If you have fabric boots/shoes then you will most likely be using a fabric spray or something similar. The best known brand is probably Nikwax but many of you (and Ellis Brigham on Whiteladies Road) prefer Granger’s footwear repellant. Some of the bigger stores have their own brands. It’s probably a case of trying something and seeing how you get on with it.

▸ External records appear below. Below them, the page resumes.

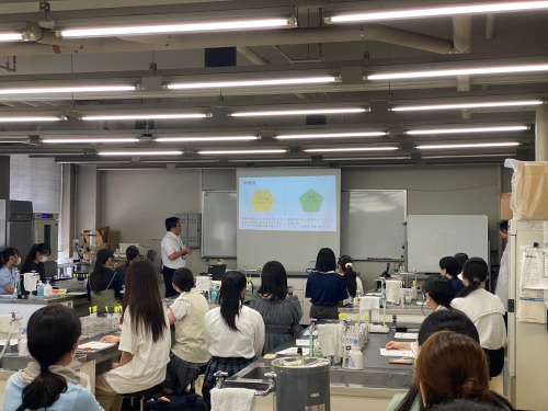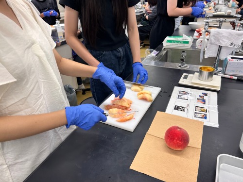 体験授業では、「買いたくなる食商品とは?」、「なぜヒトは肥満になるのか?」というテーマの講義や「桃の缶詰作り」、「糖質の種類の違いを調べる実験」の実験実習を行っていました。
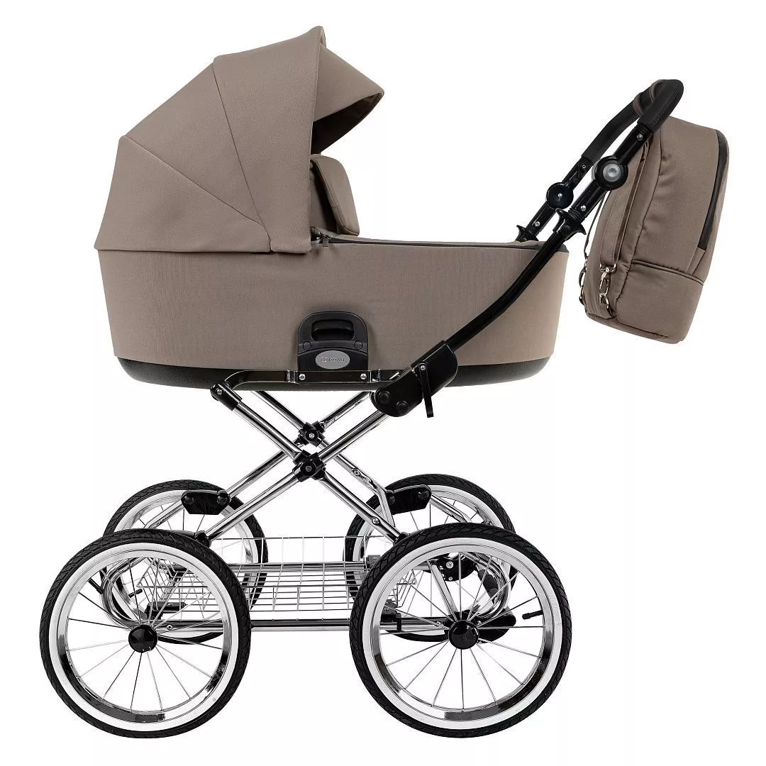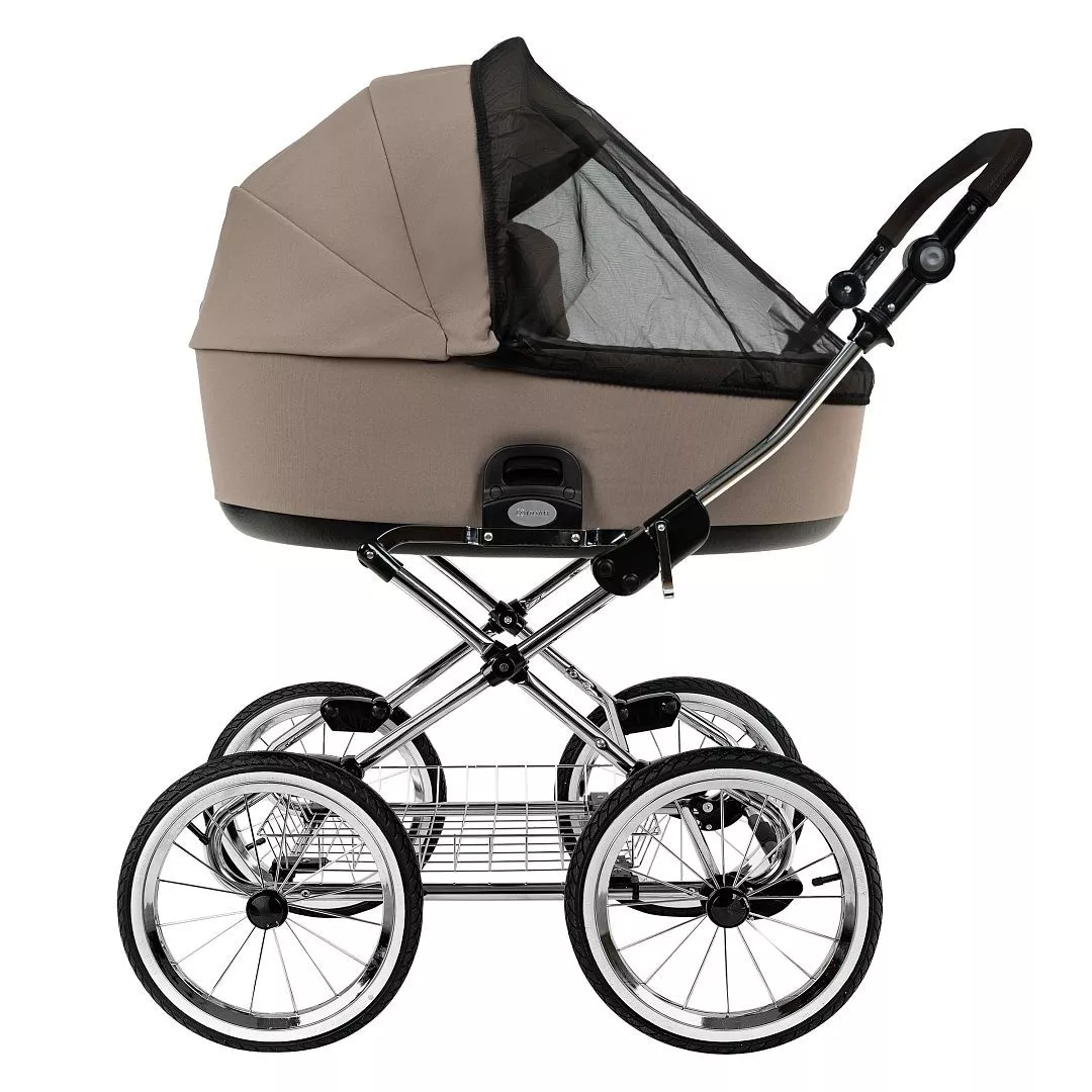 Ручка регулируется по высоте — девять положений от 72 до 108 см. Подстраивается под рост от 160 до 195 см. Корзина металлическая сетчатая — не провисает под весом, выдерживает большую нагрузку. Доступ с любой стороны. В комплекте: сумка для мамы, дождевик, москитная сетка, плед.
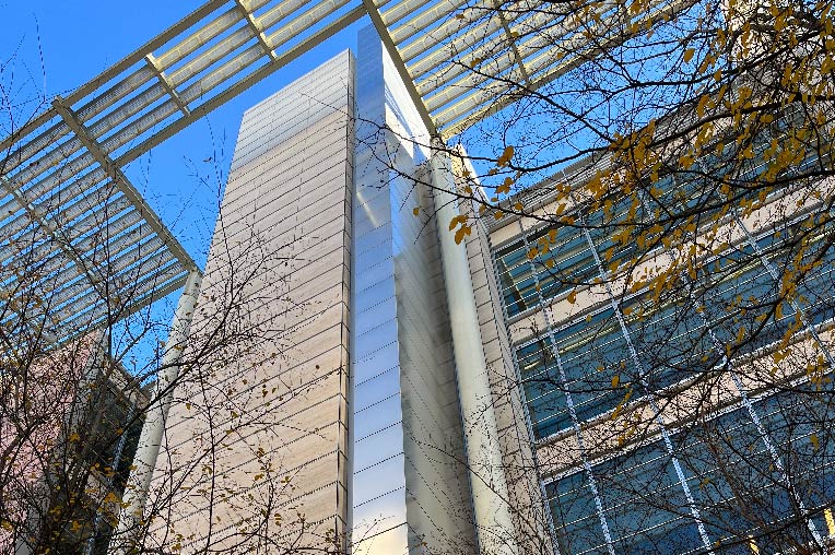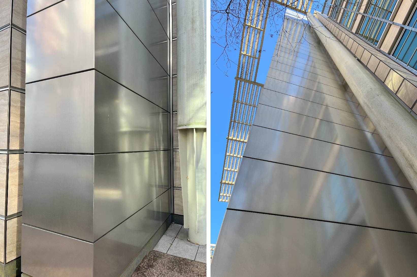 Rigidized® Metals’ InvariLux® micro texture clads the exteriors of 26 buildings at ExxonMobil’s Houston, TX campus. The micro texture is naturally cleaning, meaning dirt and grime doesn’t build up on the surface of the material and can wash off with rain water. Additionally, the uniformity of the micro texture reduces glare in a notoriously sunny area. Not only that, when it DOES rain, the stainless steel material doesn’t rust. All of these features combine to make maintenance minimal, and the durability of the product means it will last the entire lifetime of the building.
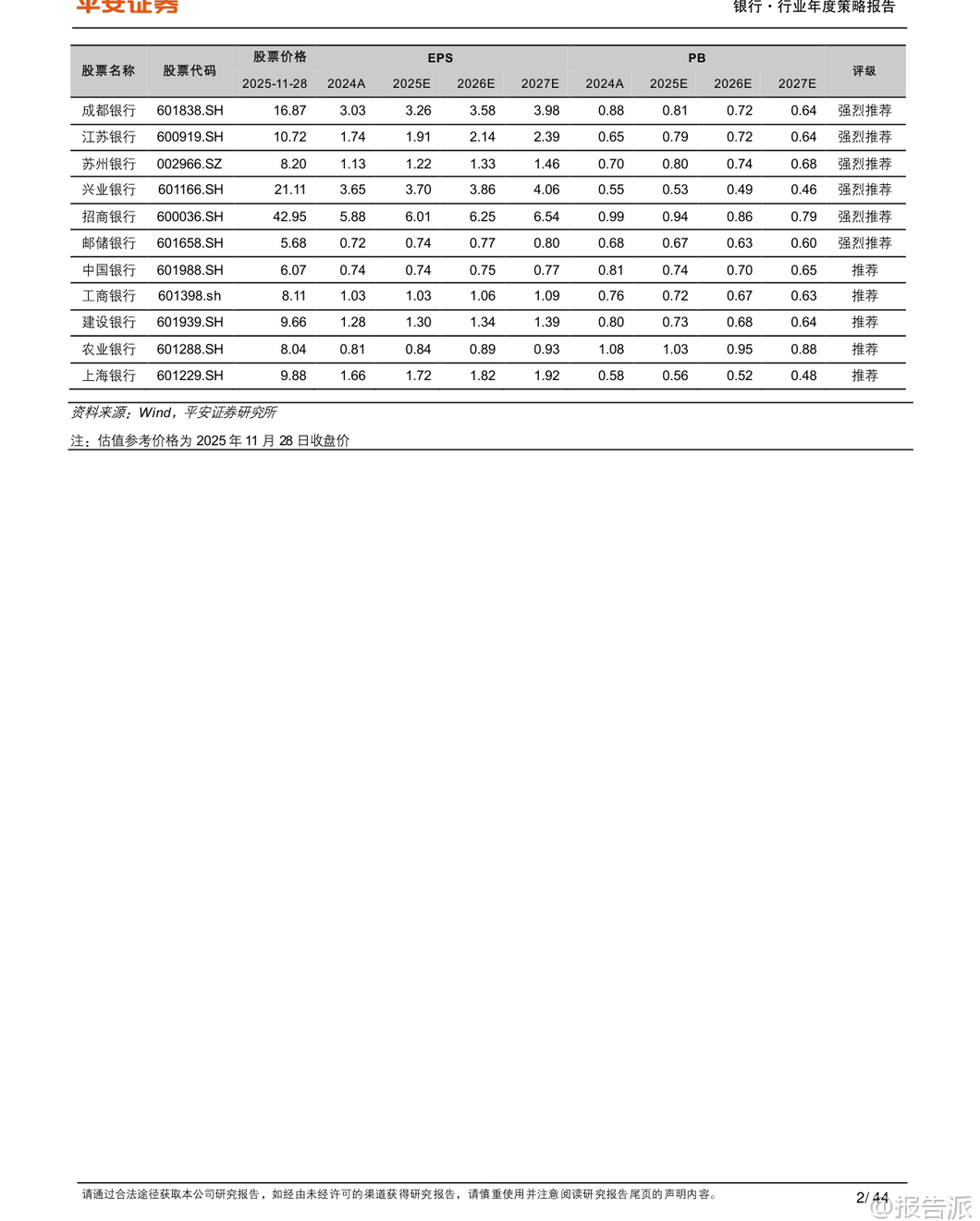 : 本文由【报告派】研读,输出观点仅作为行业分析!原文标题:2025-12-10-平安证券-平安证券-银行行业2026年年度策略报告:红利为盾,盈利为矛发布时间:2025年报告出品方:平安证券文档页数:49页 以上截图为原文节 ...

The ‘Ws’ postural exercise
This week I’ve been including one of my favourite postural exercises in my classes. I call it the ‘Ws’ (for obvious reasons). It’s fantastic for posture – waking up the difficult mid-back area and also opening out the chest. I promised I would do a short video clip to demo it and this is attached. In brief, here’s what to do:
Stand with good (but relaxed) posture, with your feet slightly apart. Form a ‘W’ shape with your arms, elbows bent and hands about head height. Your aim is to squeeze your shoulder blades down and together by trying to squeeze your elbows behind you. Do this every time you switch the kettle on, ten repetitions.